On August 14, 1945—the official end of World War II—both men were sworn enemies.

But on Tuesday, 67 years to the date that World War II ended when Japan surrendered unconditionally to Allied forces, the two men sat together on a stage at the Frontiers of Flight Museum in Dallas before a crowd of 750 people and professed their friendship and forgiveness of one another and their respective governments.

“Japan was under militaristic rule,” said Mitsuhara (Bill) Nagase, the former Kamikaze pilot who came to the U.S. at age 23 under the sponsorship of a U.S. Air Force Colonel to attend Texas Christian University. “When you wear the uniform of the Japanese army, you were no longer a private citizen. We didn’t mind dying for our country. We were brainwashed.”

If it were not for President Truman’s decision to drop two Atom bombs on Japan, the war would have most certainly ended his life in the Japanese POW camp run by the Japanese Kempei Tai military police, said Fiske Hanley II, who was posted with the 504th Bomb Group in the Pacific Campaign.

“The Kempei did not follow the rules of humanity in how they treated us,” said Hanley, saying his captors were worse than the Nazi Gestapo.

Both men—the U.S. airman and the Japanese pilot—would end up working at General Dynamics in Fort Worth when, in the 1970s, a chance meeting put them in the same office for what both described as a few awkward moments.

“Once Fiske spoke to me and asked me about my story, well, the rest is history,” said Nagase.
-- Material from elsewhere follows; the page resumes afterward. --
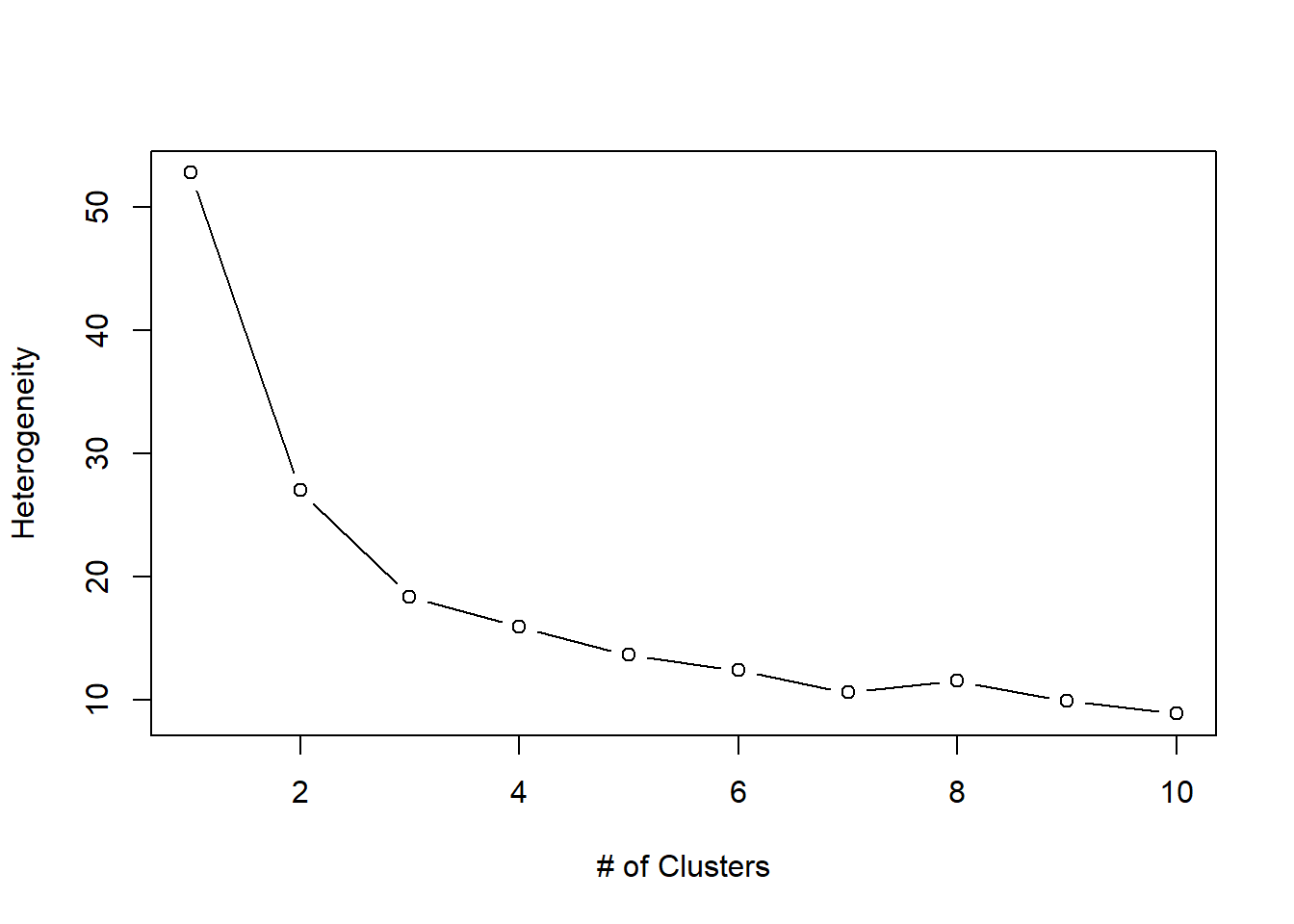 plot(1:c, wss, type="b", xlab="# of Clusters", ylab="Heterogeneity")

Over the ensuing years, the two one-time enemies in battle became best friends, sharing family stories and military experiences. “We forgave each other,” Fiske said.

Fiske told the story of inviting Nagase to a reunion in Wichita Falls, Texas of some battle-hardened U.S. Marines who fought on the Island of Iwo Jima where Japanese treatment of U.S. POWS during World War II was horrific. “I warned Bill that these guys had not forgiven the Japanese as I had done,” said Fiske. “He was more than a little nervous on the ride up there.”

But when Nagase entered the room to meet the former Iwo Jima Marines, “It was love at first sight," said Fiske. "The guys liked Bill so much that they invited him to be their speaker at their next reunion.”

Daughters of World War II sponsored the program, which the C-SPAN History channel taped and will air later this month.